Just how powerful is this stuff inside me?
Alcatraz steps back, his head tilted up. ‘Nothing we can do here except stop it happening again. Move out.’
We tear ourselves from the horrific display. I realise I’m resisting the urge to glance at the forests and hillsides for incoming hostiles. The stormtech’s writhing inside my chest, spreading fire through my limbs. Alcatraz falls into lockstep with me. ‘Don’t let them get to you.’ He presses two armoured fingers to his mirrored visor, before pressing them to mine. ‘I’m looking out for you. That’s what we do for each other out here. I need you focused. You hear me, Reaper?’

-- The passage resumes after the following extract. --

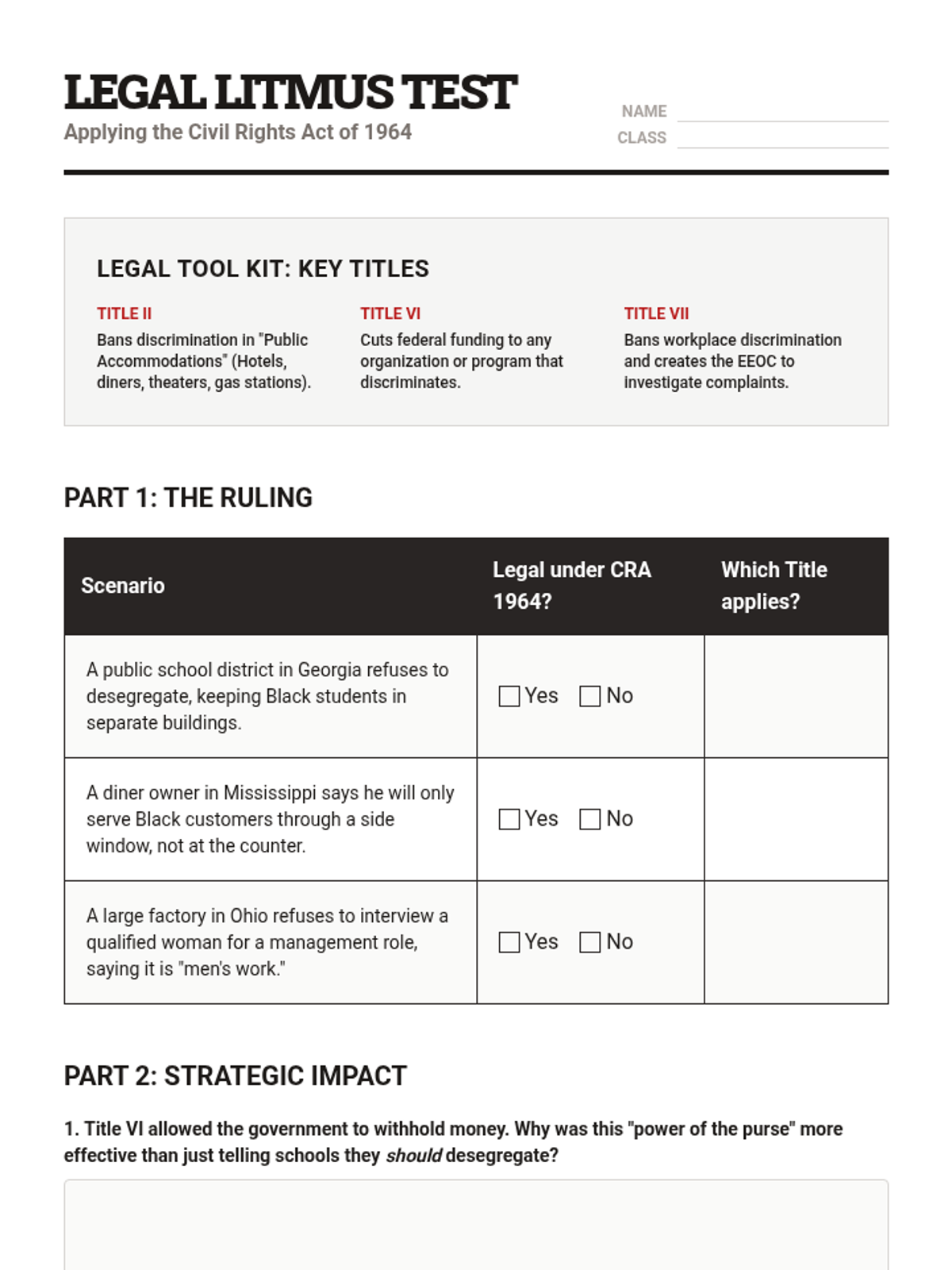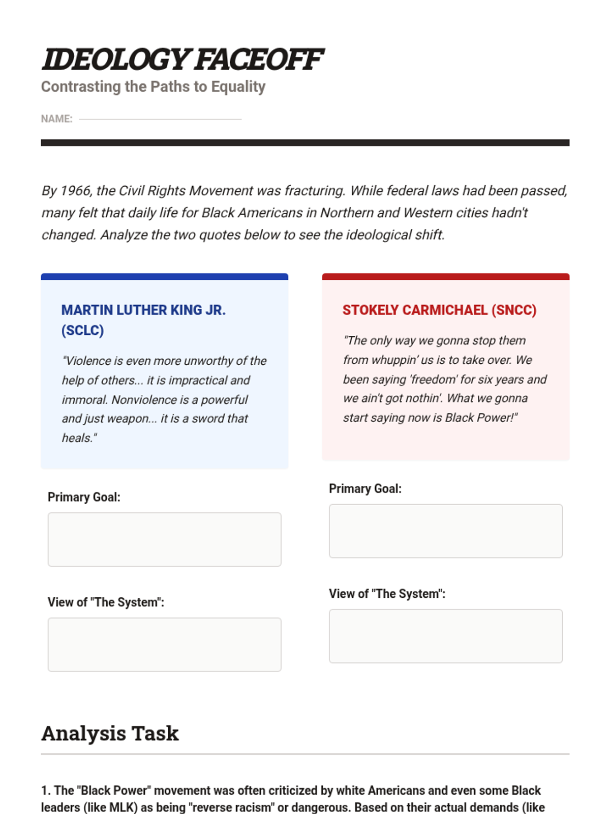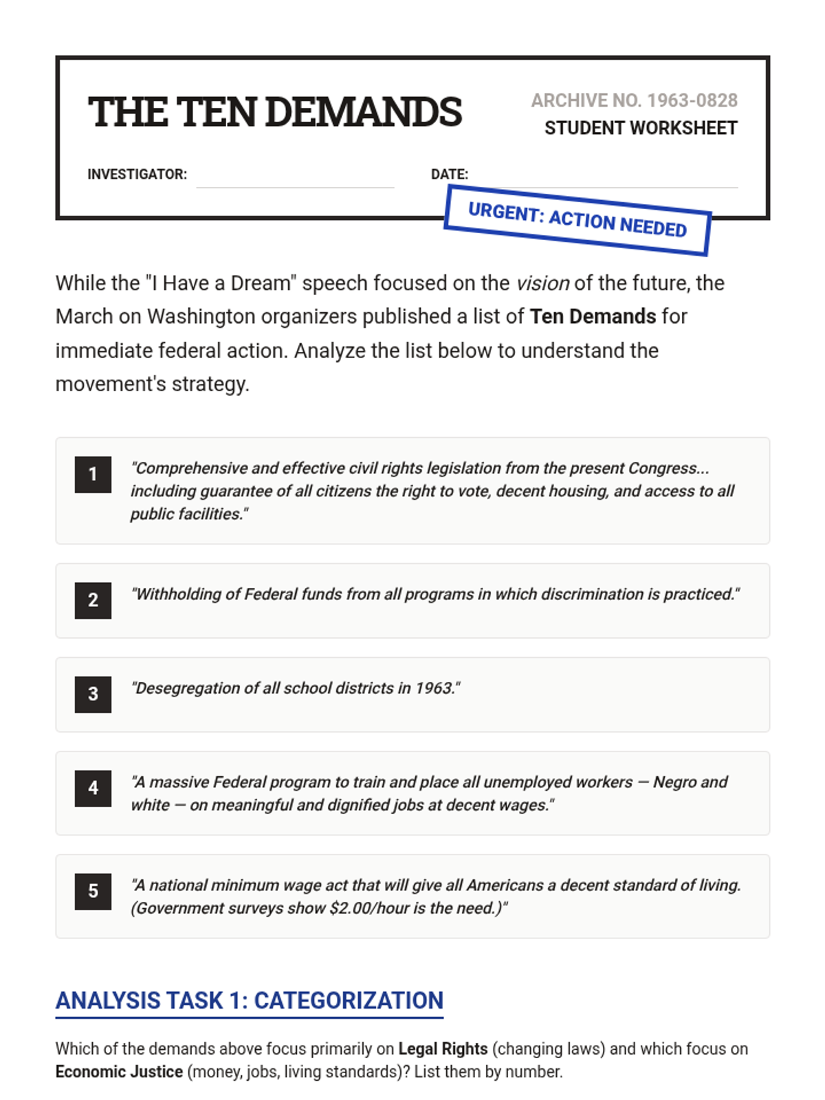 This sequence explores the strategic and legislative milestones of the Civil Rights Movement during the 1960s. Students analyze how grassroots activism in Birmingham, Washington D.C., and Selma directly influenced federal policy, culminating in the Civil Rights Act of 1964 and the Voting Rights Act of 1965, before examining the ideological shifts toward Black Power.

I nod, swallow. It doesn’t stop the memory of those tortured and butchered Reapers flashing through my mind. But it helps me deal with it, makes me feel more connected to my fireteam as we move through the bombed-out town. Corrugated silos and agricultural domes sag against tumbledown housing, shattered into mountains of rubble by artillery fire and jamming the roads. Gravel and glass crunch underfoot as we pick our way around, the waypoint reconfiguring to match our new path.
‘Smell anything yet?’ Drummer asks Ratchet. I swap my marksman rifle for a close-range, black-barrelled scattershot as we leap down an escarpment and enter a waterlogged tunnel, our helmet lamps flickering on. Our tech crackles in the darkness. ‘Any berserker squads or warlords you’d like to tell us about?’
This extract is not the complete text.